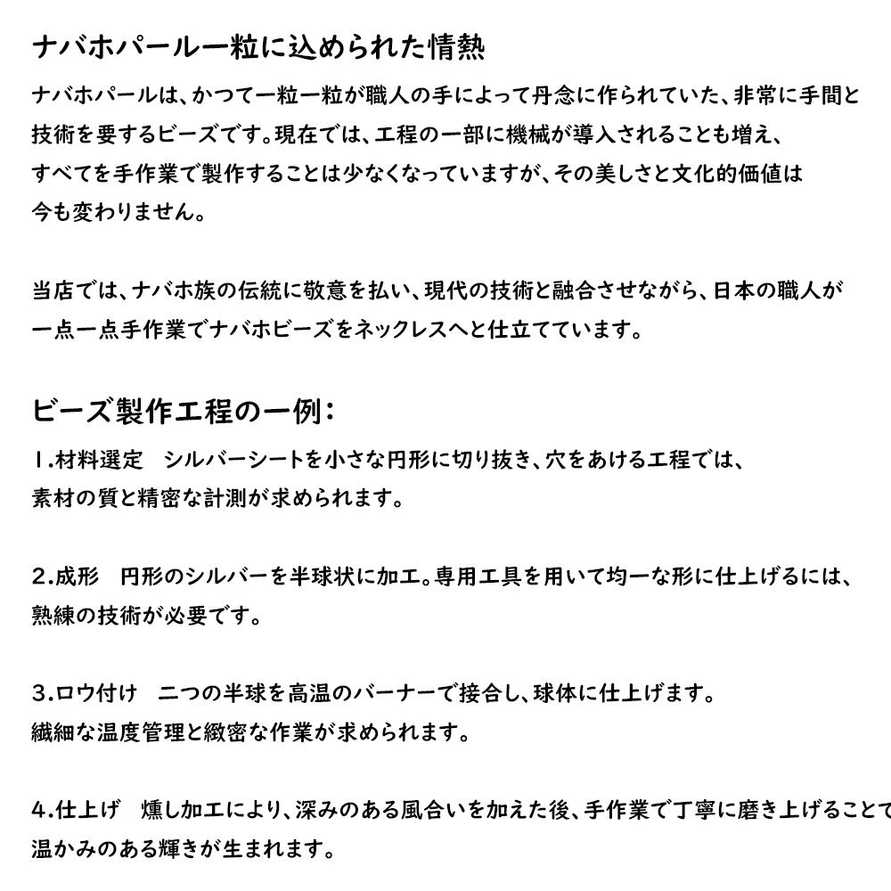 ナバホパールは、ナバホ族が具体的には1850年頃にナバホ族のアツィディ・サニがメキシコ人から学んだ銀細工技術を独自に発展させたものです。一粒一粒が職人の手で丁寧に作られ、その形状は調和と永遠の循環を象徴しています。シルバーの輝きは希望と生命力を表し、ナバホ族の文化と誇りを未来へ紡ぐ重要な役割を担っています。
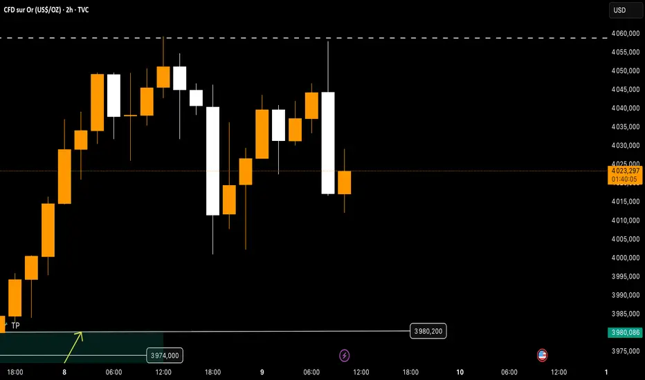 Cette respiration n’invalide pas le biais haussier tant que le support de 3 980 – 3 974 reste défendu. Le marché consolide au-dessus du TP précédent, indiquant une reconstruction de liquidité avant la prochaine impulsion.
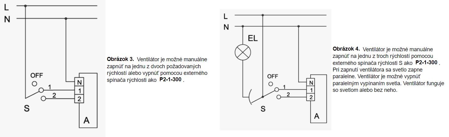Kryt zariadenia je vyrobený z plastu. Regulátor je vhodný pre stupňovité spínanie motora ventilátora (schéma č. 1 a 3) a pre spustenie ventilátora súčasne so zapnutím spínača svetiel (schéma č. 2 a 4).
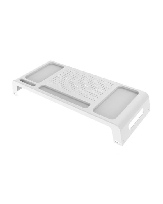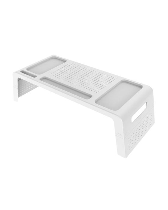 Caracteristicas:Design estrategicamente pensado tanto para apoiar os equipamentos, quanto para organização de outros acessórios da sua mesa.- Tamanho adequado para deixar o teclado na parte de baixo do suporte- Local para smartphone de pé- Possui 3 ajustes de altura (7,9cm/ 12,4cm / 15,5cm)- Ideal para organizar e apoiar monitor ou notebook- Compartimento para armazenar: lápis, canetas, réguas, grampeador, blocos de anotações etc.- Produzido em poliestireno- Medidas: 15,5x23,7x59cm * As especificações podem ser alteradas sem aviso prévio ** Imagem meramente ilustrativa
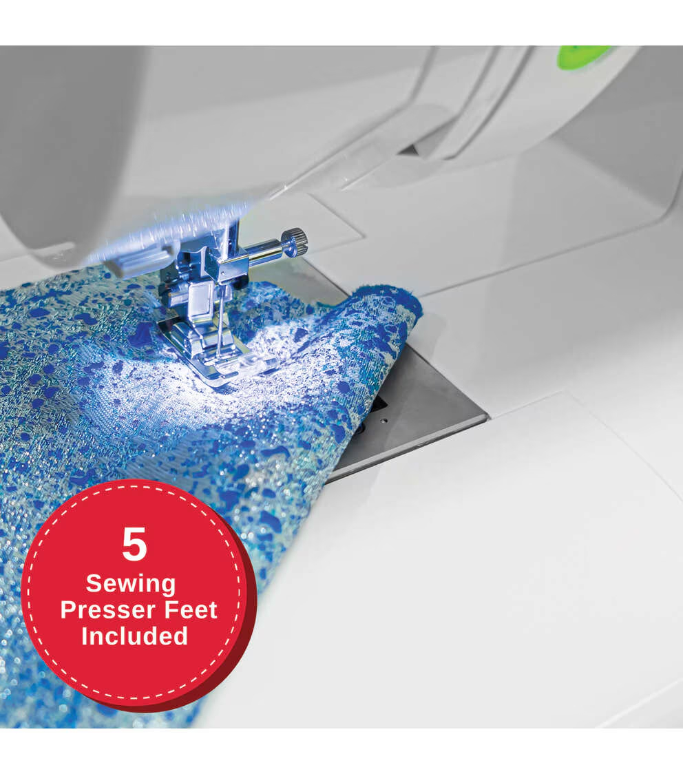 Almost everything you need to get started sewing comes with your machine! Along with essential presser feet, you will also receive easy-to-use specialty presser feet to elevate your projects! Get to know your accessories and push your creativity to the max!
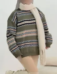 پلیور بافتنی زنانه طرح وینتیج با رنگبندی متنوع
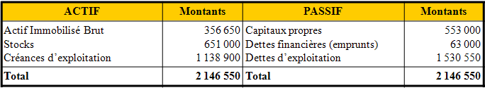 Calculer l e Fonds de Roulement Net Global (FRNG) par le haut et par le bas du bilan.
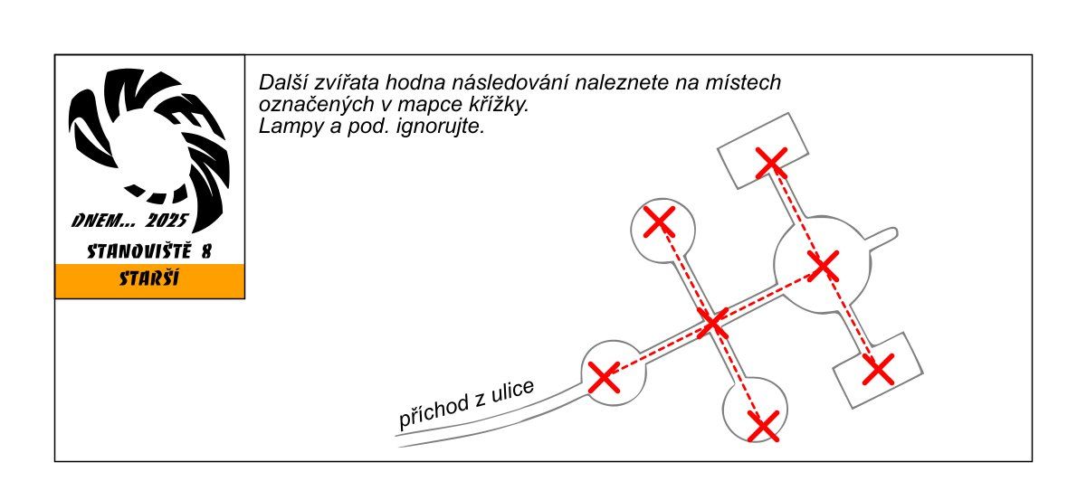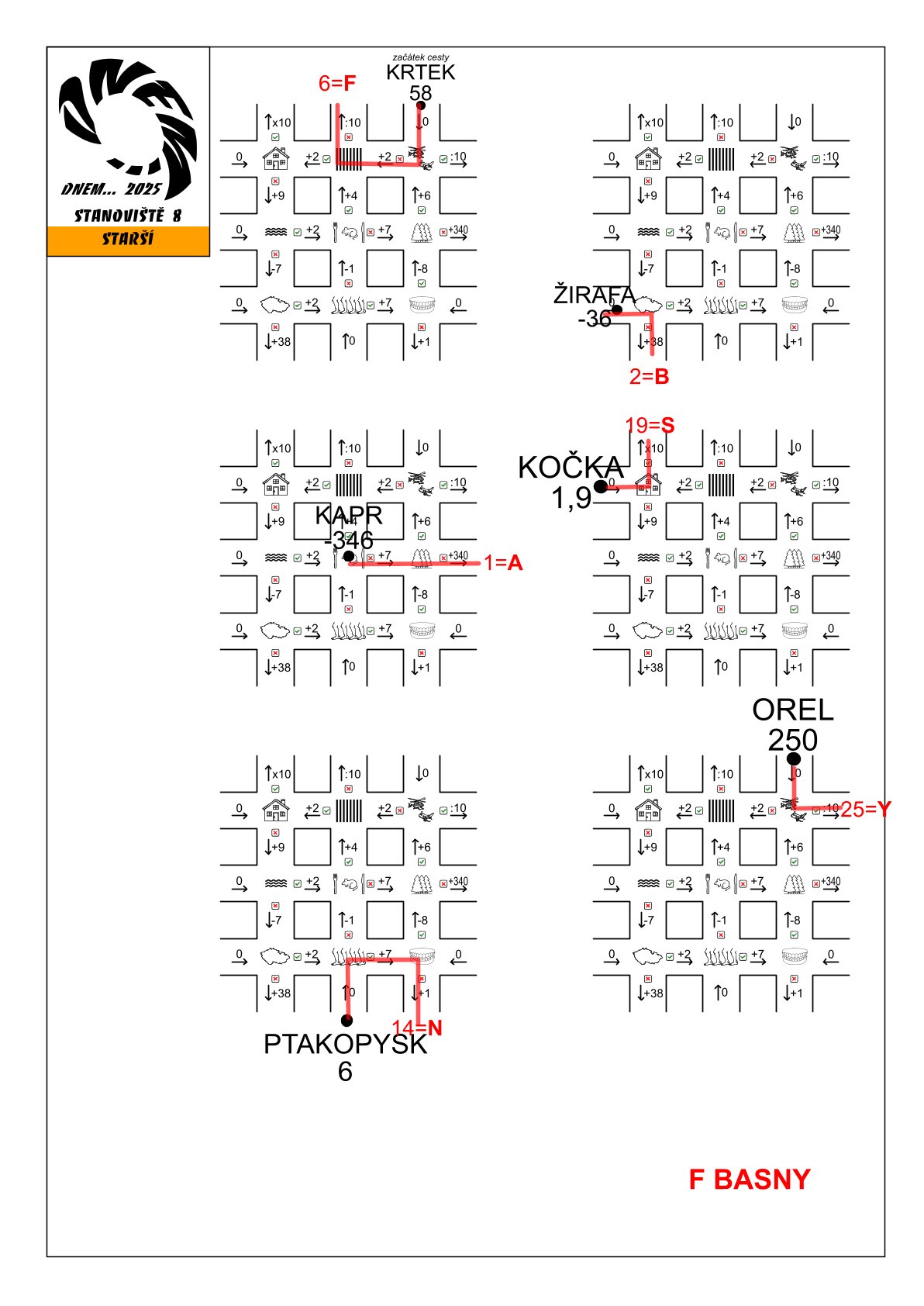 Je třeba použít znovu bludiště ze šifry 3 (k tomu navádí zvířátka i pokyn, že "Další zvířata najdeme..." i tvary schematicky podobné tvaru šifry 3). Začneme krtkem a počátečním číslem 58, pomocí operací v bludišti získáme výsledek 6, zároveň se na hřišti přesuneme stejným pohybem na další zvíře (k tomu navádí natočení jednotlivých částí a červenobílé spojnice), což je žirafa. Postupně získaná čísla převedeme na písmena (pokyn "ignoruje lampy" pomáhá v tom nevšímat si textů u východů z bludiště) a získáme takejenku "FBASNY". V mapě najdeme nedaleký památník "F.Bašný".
*-*-*
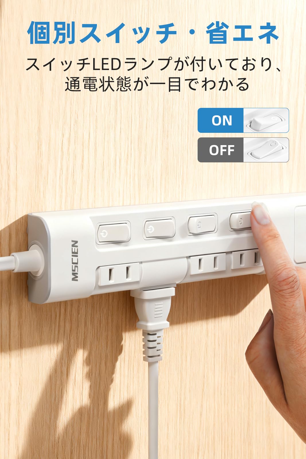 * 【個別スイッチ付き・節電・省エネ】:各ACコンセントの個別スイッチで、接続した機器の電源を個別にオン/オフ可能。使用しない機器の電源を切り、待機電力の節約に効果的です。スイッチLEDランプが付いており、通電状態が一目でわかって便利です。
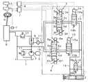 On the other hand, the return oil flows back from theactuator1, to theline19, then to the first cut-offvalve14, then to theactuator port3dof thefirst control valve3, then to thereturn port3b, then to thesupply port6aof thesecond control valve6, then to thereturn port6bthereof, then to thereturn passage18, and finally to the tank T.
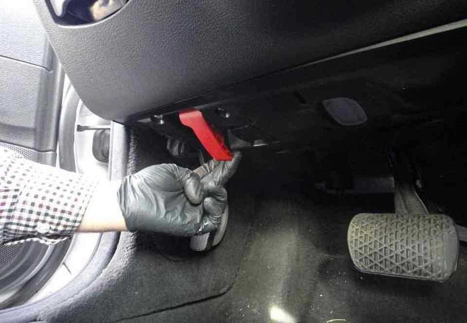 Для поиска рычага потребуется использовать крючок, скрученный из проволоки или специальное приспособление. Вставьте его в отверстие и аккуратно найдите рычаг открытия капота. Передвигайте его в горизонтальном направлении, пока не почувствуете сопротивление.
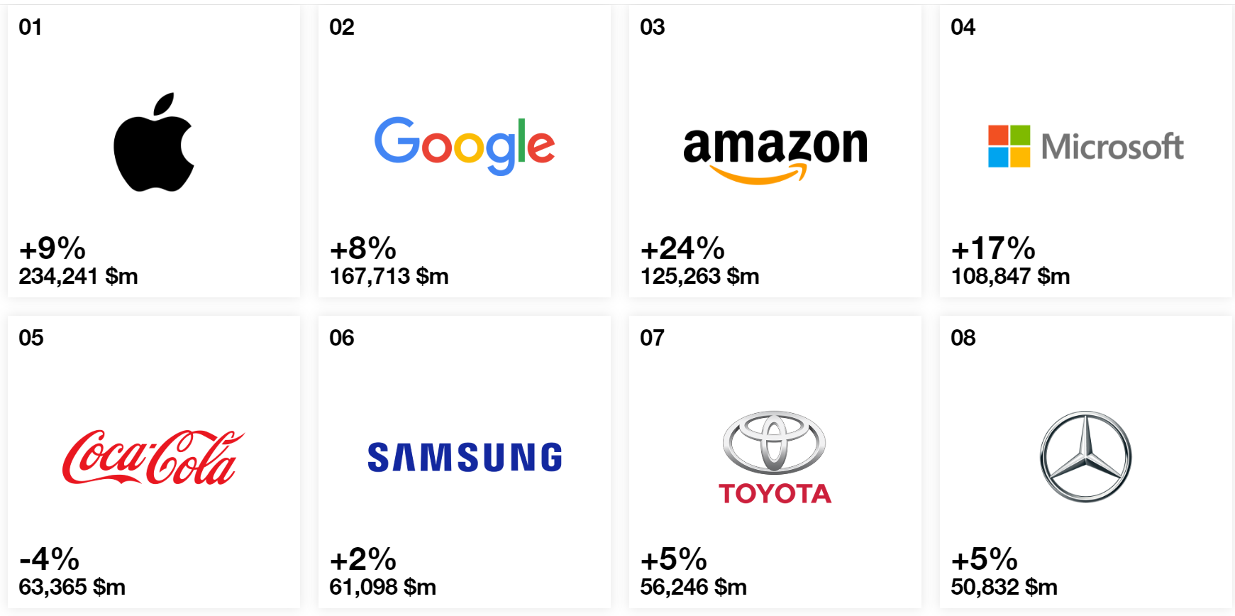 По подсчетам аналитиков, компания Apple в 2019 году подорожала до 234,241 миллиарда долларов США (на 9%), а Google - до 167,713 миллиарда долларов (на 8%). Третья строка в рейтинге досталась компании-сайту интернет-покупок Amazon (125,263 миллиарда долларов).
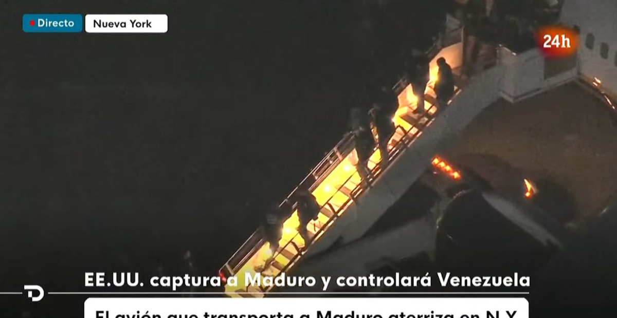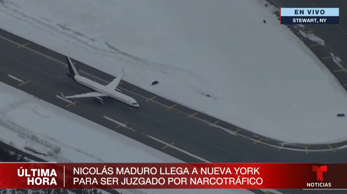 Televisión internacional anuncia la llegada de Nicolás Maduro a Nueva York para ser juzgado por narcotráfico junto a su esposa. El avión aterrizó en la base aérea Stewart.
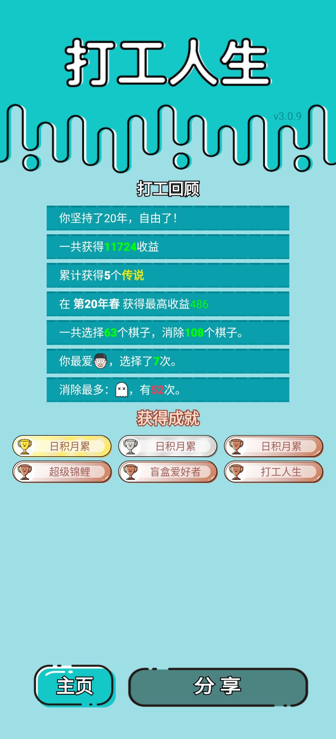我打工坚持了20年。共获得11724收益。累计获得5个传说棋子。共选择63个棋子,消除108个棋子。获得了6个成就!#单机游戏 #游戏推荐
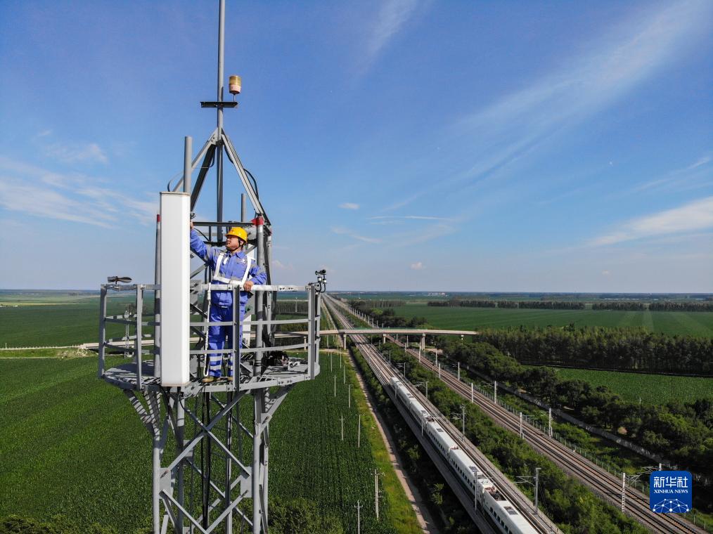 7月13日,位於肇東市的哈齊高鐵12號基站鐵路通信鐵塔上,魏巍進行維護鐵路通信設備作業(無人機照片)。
*-*-*
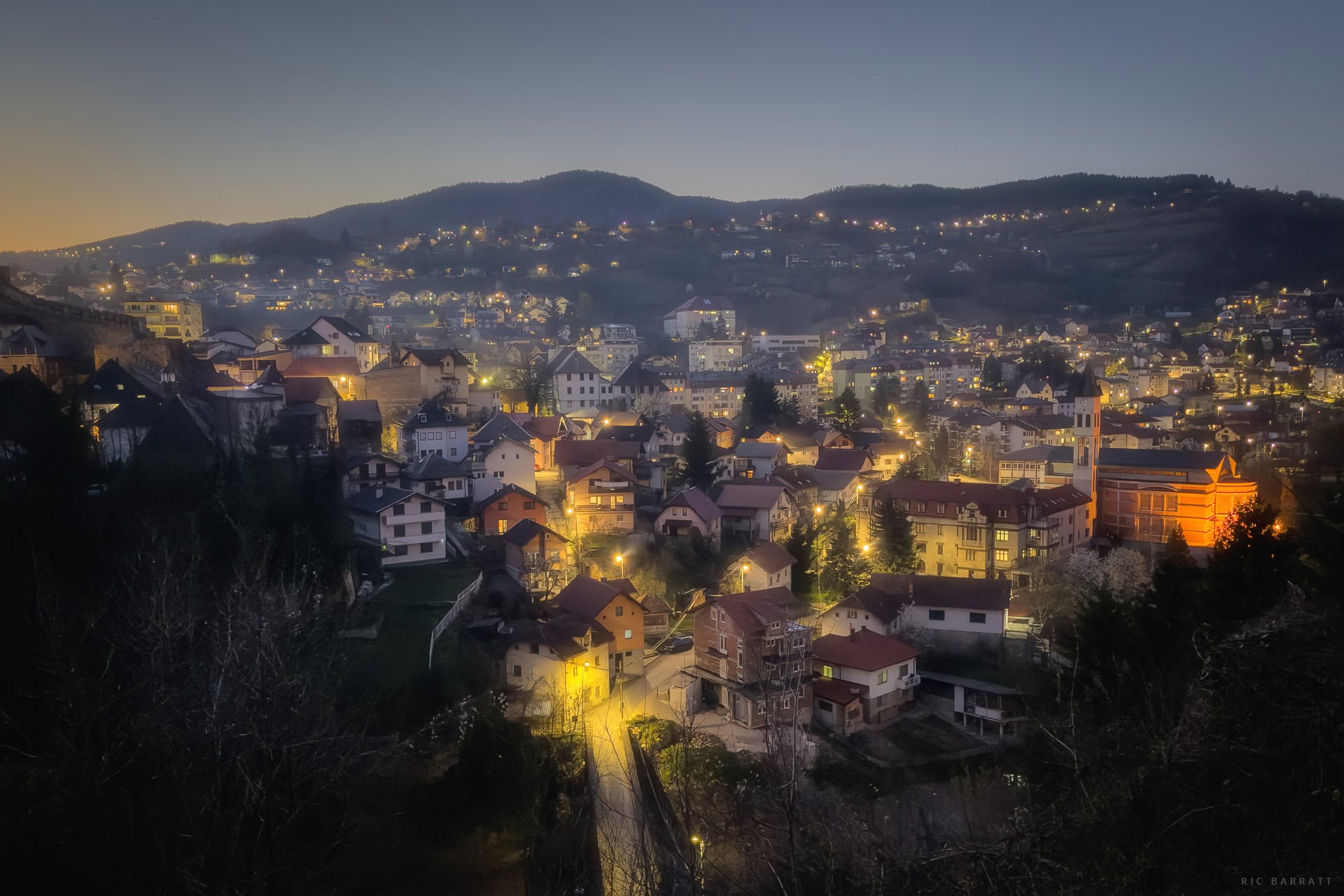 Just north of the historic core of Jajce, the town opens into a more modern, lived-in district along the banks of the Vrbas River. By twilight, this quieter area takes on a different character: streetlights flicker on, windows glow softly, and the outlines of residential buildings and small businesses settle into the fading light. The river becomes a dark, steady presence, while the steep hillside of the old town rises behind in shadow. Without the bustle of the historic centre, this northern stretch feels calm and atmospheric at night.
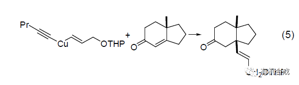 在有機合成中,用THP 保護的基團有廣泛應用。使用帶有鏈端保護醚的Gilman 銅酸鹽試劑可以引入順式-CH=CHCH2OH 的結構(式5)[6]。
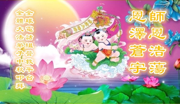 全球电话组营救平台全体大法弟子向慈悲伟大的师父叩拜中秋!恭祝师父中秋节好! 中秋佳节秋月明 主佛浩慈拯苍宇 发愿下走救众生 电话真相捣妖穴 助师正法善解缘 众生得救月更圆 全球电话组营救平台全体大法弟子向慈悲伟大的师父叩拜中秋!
*-*-*
Exercise goal: All that should appear in the answer is the lines above from the line with "Cette respiration n’invalide" through the line with "Je třeba použít", retyped exactly, pictures left out.

Exercise result:
 Cette respiration n’invalide pas le biais haussier tant que le support de 3 980 – 3 974 reste défendu. Le marché consolide au-dessus du TP précédent, indiquant une reconstruction de liquidité avant la prochaine impulsion.
Kryt zariadenia je vyrobený z plastu. Regulátor je vhodný pre stupňovité spínanie motora ventilátora (schéma č. 1 a 3) a pre spustenie ventilátora súčasne so zapnutím spínača svetiel (schéma č. 2 a 4).
 Caracteristicas:Design estrategicamente pensado tanto para apoiar os equipamentos, quanto para organização de outros acessórios da sua mesa.- Tamanho adequado para deixar o teclado na parte de baixo do suporte- Local para smartphone de pé- Possui 3 ajustes de altura (7,9cm/ 12,4cm / 15,5cm)- Ideal para organizar e apoiar monitor ou notebook- Compartimento para armazenar: lápis, canetas, réguas, grampeador, blocos de anotações etc.- Produzido em poliestireno- Medidas: 15,5x23,7x59cm * As especificações podem ser alteradas sem aviso prévio ** Imagem meramente ilustrativa
 Almost everything you need to get started sewing comes with your machine! Along with essential presser feet, you will also receive easy-to-use specialty presser feet to elevate your projects! Get to know your accessories and push your creativity to the max!
 پلیور بافتنی زنانه طرح وینتیج با رنگبندی متنوع
 Calculer l e Fonds de Roulement Net Global (FRNG) par le haut et par le bas du bilan.
 Je třeba použít znovu bludiště ze šifry 3 (k tomu navádí zvířátka i pokyn, že "Další zvířata najdeme..." i tvary schematicky podobné tvaru šifry 3). Začneme krtkem a počátečním číslem 58, pomocí operací v bludišti získáme výsledek 6, zároveň se na hřišti přesuneme stejným pohybem na další zvíře (k tomu navádí natočení jednotlivých částí a červenobílé spojnice), což je žirafa. Postupně získaná čísla převedeme na písmena (pokyn "ignoruje lampy" pomáhá v tom nevšímat si textů u východů z bludiště) a získáme takejenku "FBASNY". V mapě najdeme nedaleký památník "F.Bašný".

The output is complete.